I ran into the lead who yelled at me about three years later, in another city, outside of a hospital. He smiled and was excited to see me. He was very nice. He gave me his number and said we should get together for lunch sometime to catch up. I took his number and then deleted it because I will never call, but it made me feel better to have a not-nasty interaction, and I didn’t want to ruin it by saying no. Life is funny like that sometimes, random but seemingly orchestrated. We still did that hard thing together, and I appreciate the closure.
Review
This piece is heart-wrenching, deeply personal, and painfully relatable for anyone who has worked in healthcare. The public saw COVID as a crisis of infection control, but healthcare workers saw it as a crisis of human abandonment. COVID didn’t just kill people—it exposed every weak point in medical care, long-term care, and social responsibility.
The nursing home is a horror show of neglect, but not because people wanted to abandon patients—it happened because the system crumbled under fear and lack of support. The woman who suffered a stroke in silence is a turning point in the story—the moment when the narrator fully realizes the depth of helplessness in emergency medicine.

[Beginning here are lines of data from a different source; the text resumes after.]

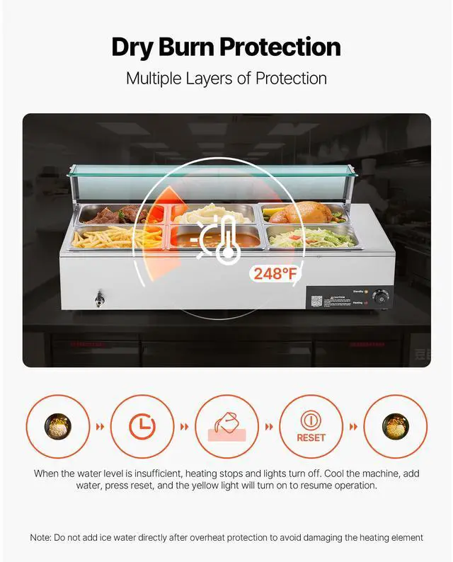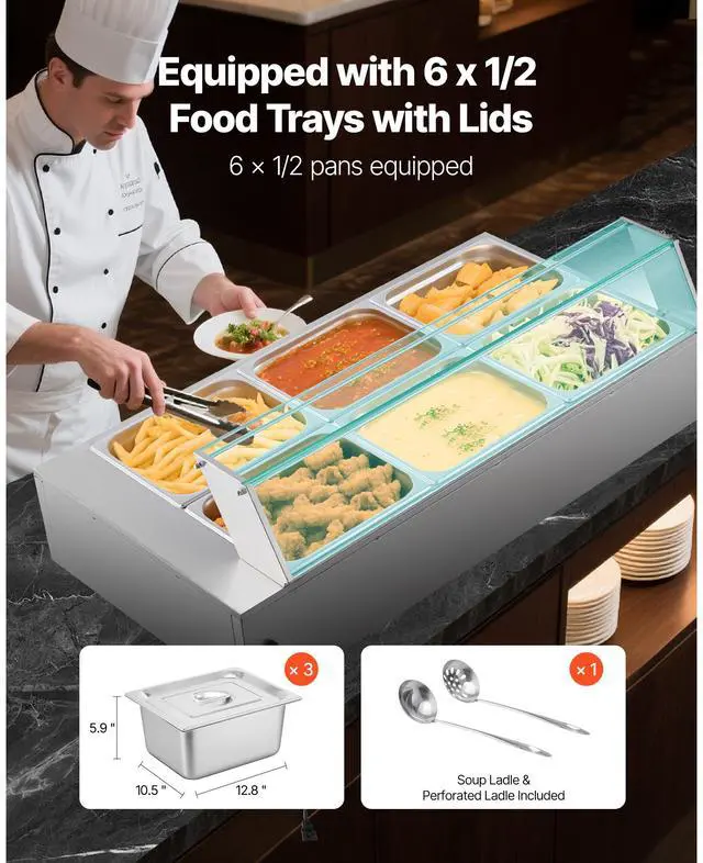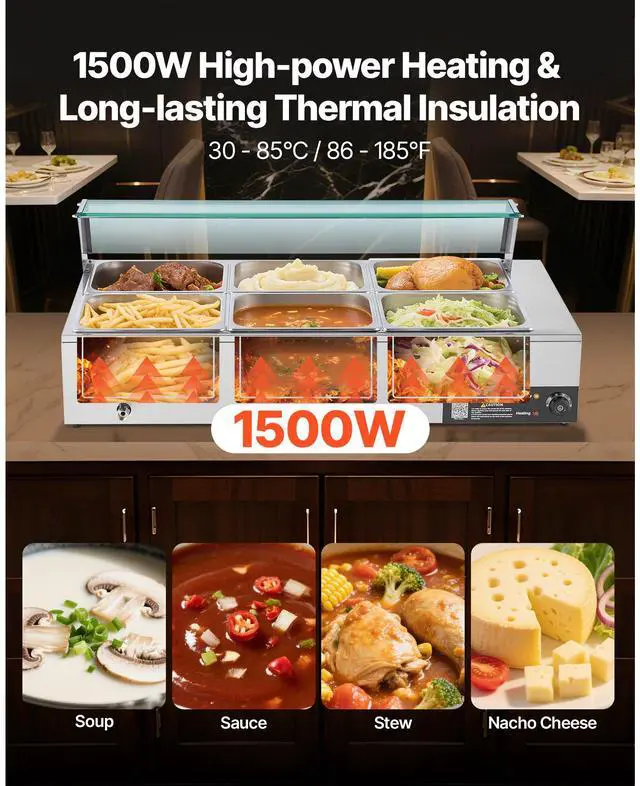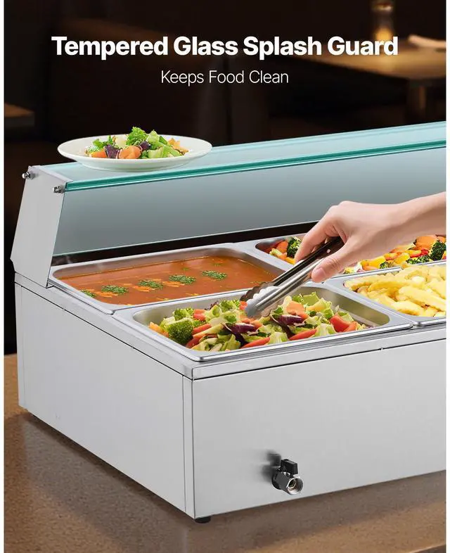 VEVOR Commercial Electric Food Warmer Countertop Buffet 6*8Qt with Glass Shield Commercial Food Warmer with Glass Cover Includes 6 Pan Adjustable Temperature Dry-Burn Protection System Versatile Usage Wide
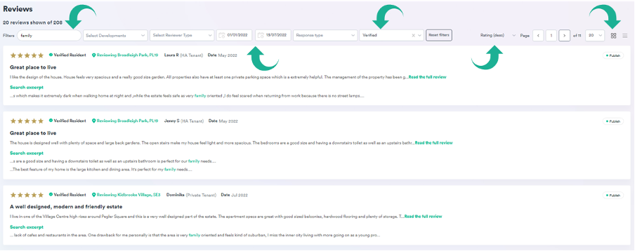HomeViews top tip: Click the four squares in the top right so you can see where your search word appears in each review to quickly pull quotes for your campaign.
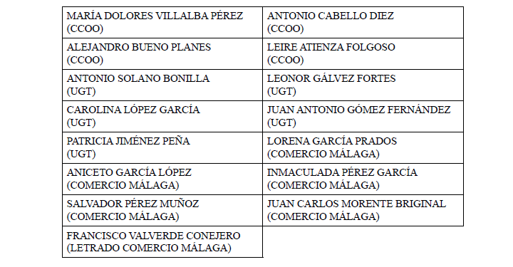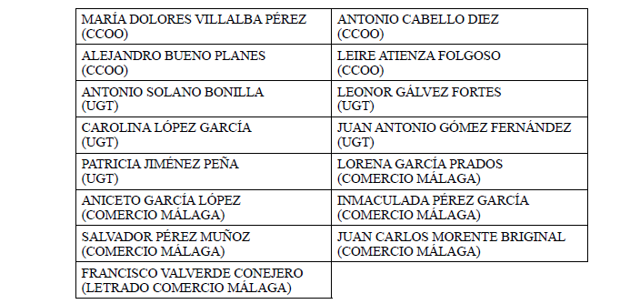 Los miembros de la comisión negociadora del Convenio Colectivo General de Comercio de la provincia de Málaga, por medio de la presente, certifican que la documentación presentada para su registro y publicación (acta de acuerdo y tablas salariales definitivas de 2025) coincide con lo acordado en el seno de esta y que es fiel reflejo del acta firmada por los miembros de la comisión negociadora.
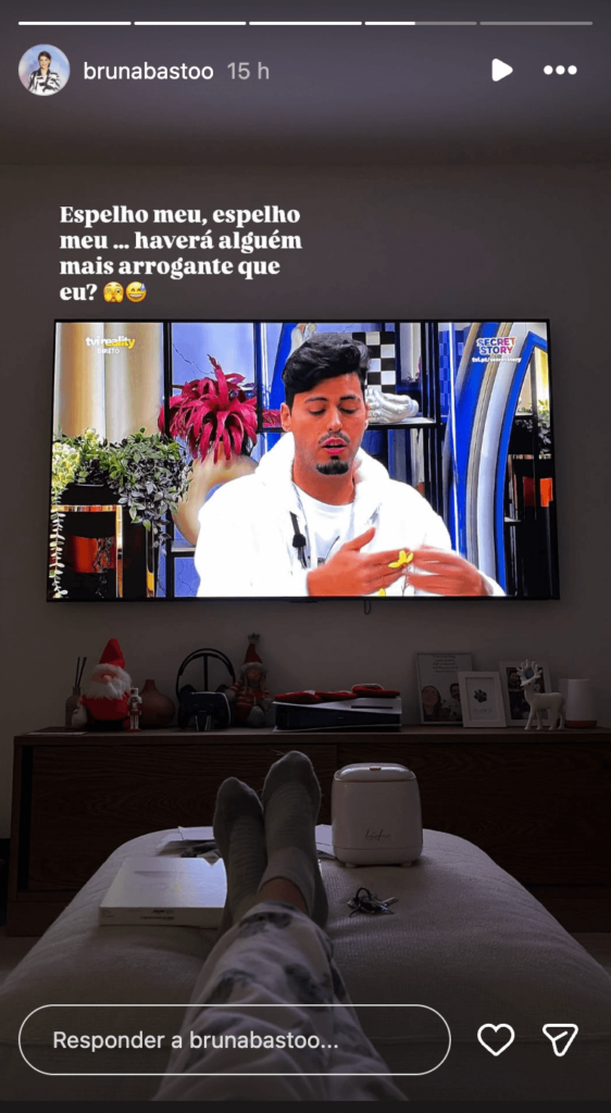 “Espelho meu, espelho meu … haverá alguém mais arrogante que eu?”, atirou Bruna. Recorde-se que já durante a sua participação na casa mais vigiada do país, Bruna entrou várias vezes em confronto com Leandro e ao acusou de se achar superior aos outros colegas.
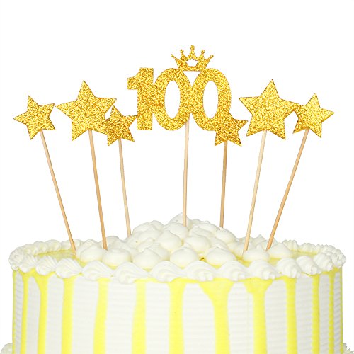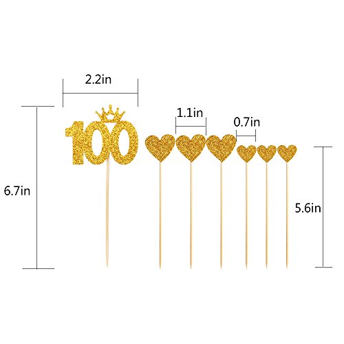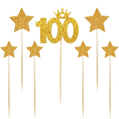 PALASASA Gold glitter 100 Days Cake Topper and pentacle for Parties Baby Happy Birthday,set of 7
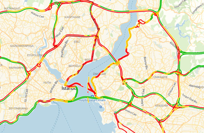 İstanbul'da akşam saatlerinden itibaren hızını arttıran yağmurlu birlikte trafik yoğunluğu da arttı. Yoğunluk özellikle ana arterlerde etkisini gösterirken, İstanbul Büyükşehir Belediyesi trafik yoğunluk haritasına göre, 18.00 itibarıyla yoğunluk yüzde 80'e ulaştı.
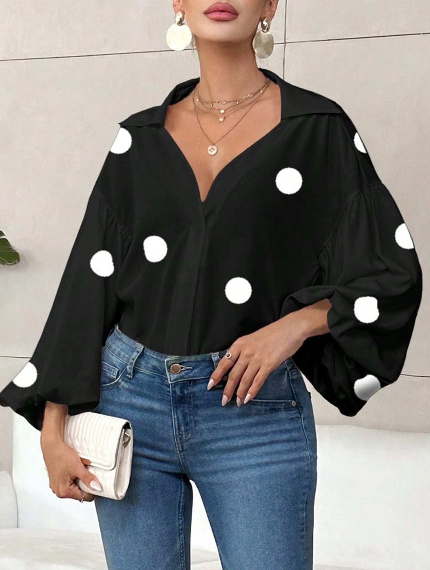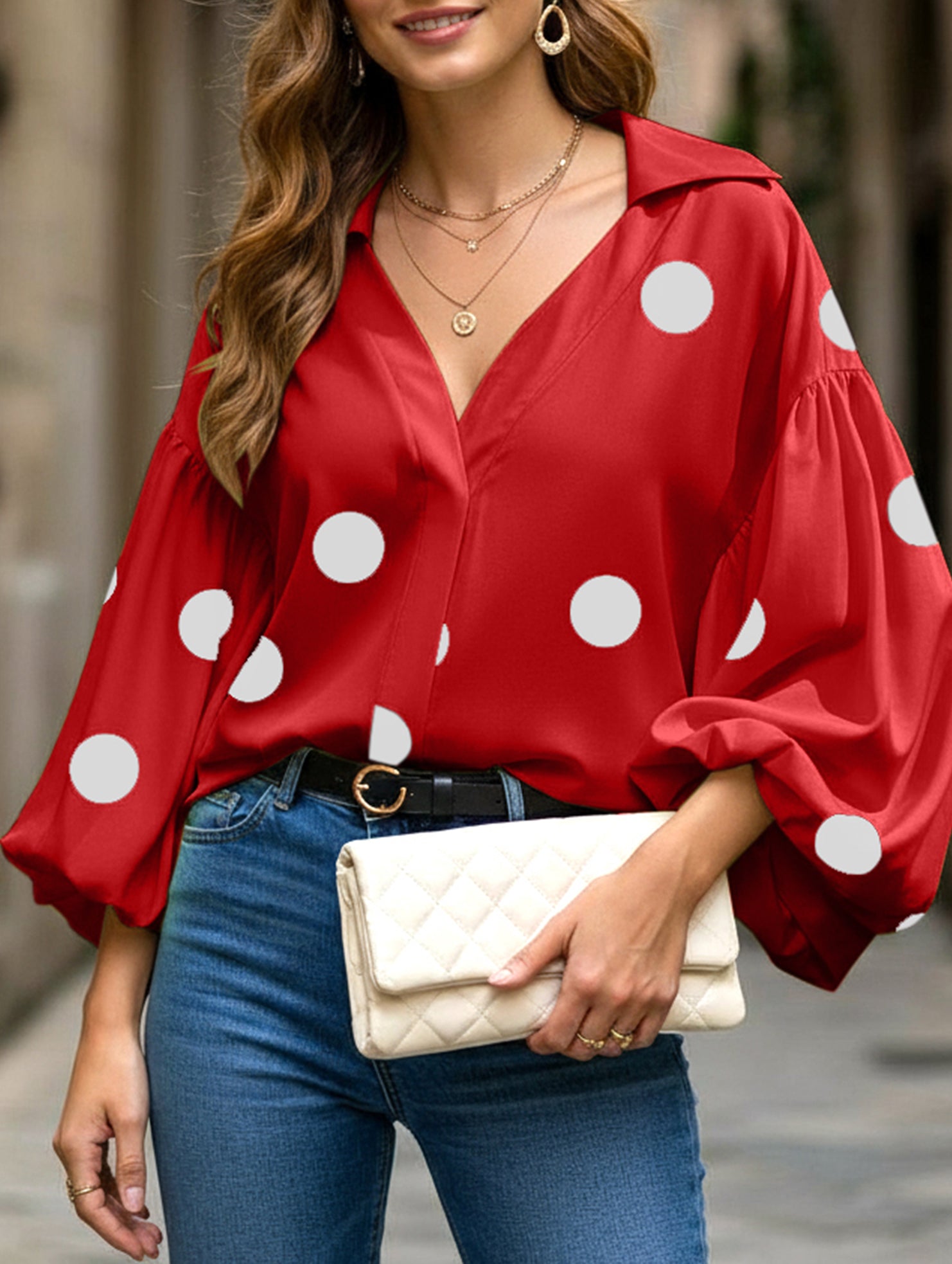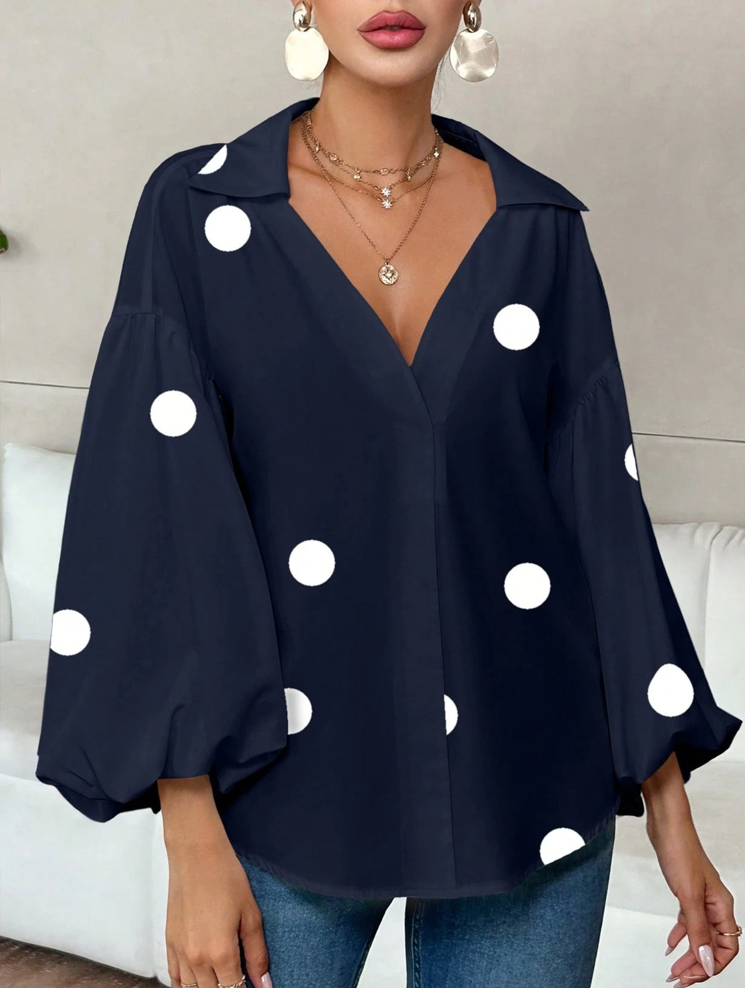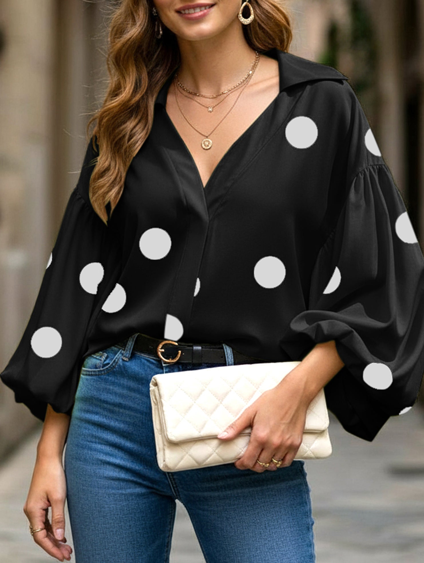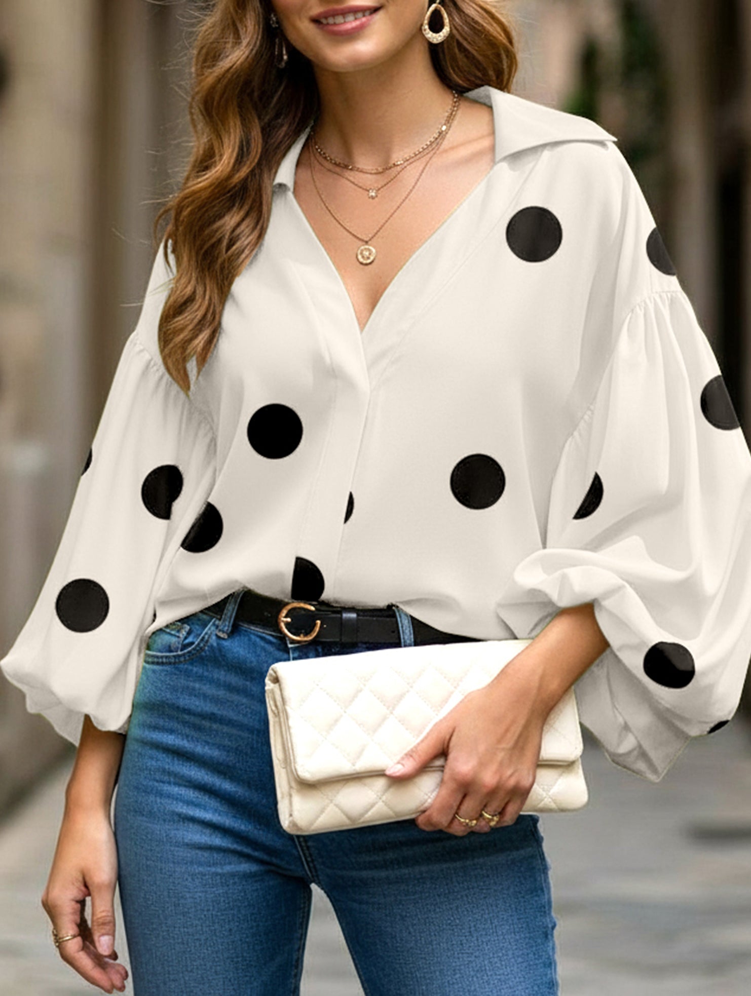 xPolka dot V-neck loose bubble long-sleeved shirt
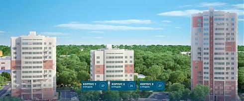 Площадь жилья варьируется от 33,9 до 93,3 кв. метра, а стоимость начинается от 2,515 млн рублей. Все три дома построены по монолитной технологии, высота их составляет 9 (2 корп.), 12 (1 корп.) и 17 (3 корп.) этажей.
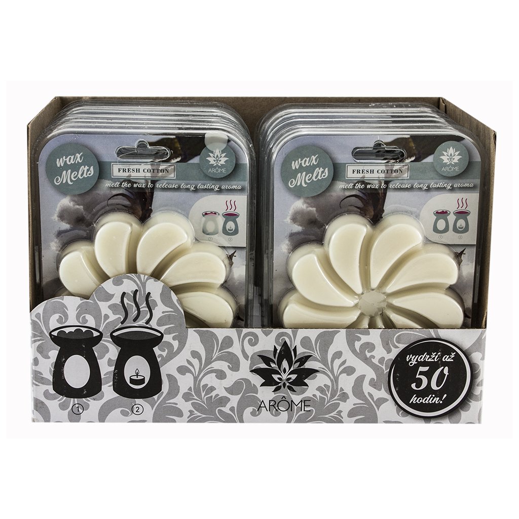 Vonný vosk od značky Arôme s příjemnou vůní Fresh Cotton dodá Vašemu domovu tu pravou atmosféru. Je určen k rozpouštění v běžných aromalampách pomocí čajové svíčky. Vonné vosky mají intenzivní aroma a rychlý nástup, mezi bytovými vůněmi patří k nejvýkonnějším. Vonné vosky navíc můžete libovolně kombinovat a vytvořit tak zcela unikátní vůni.
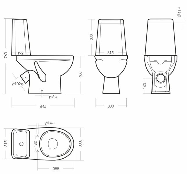 Размеры унитаза-компакта: 338 x 645 x760

This piece offers a brutally honest look at the healthcare system during COVID—its failures, its ethical dilemmas, and the impossible situations healthcare workers were forced into. We rely on teamwork to make hard jobs bearable, but burnout and exhaustion can turn coworkers against each other, creating unnecessary cruelty in already cruel situations.
The narrator’s anger is justified, but what makes the story so powerful is how they process it—not just as bitterness, but as a reflection on the way people fail each other under stress.
The ending is unexpectedly profound—the narrator doesn’t get an apology, but they take what little closure life offers and accept it. Sometimes, we don’t get revenge, we don’t get apologies—but we do get to move on. It’s an honest, mature, and deeply human resolution.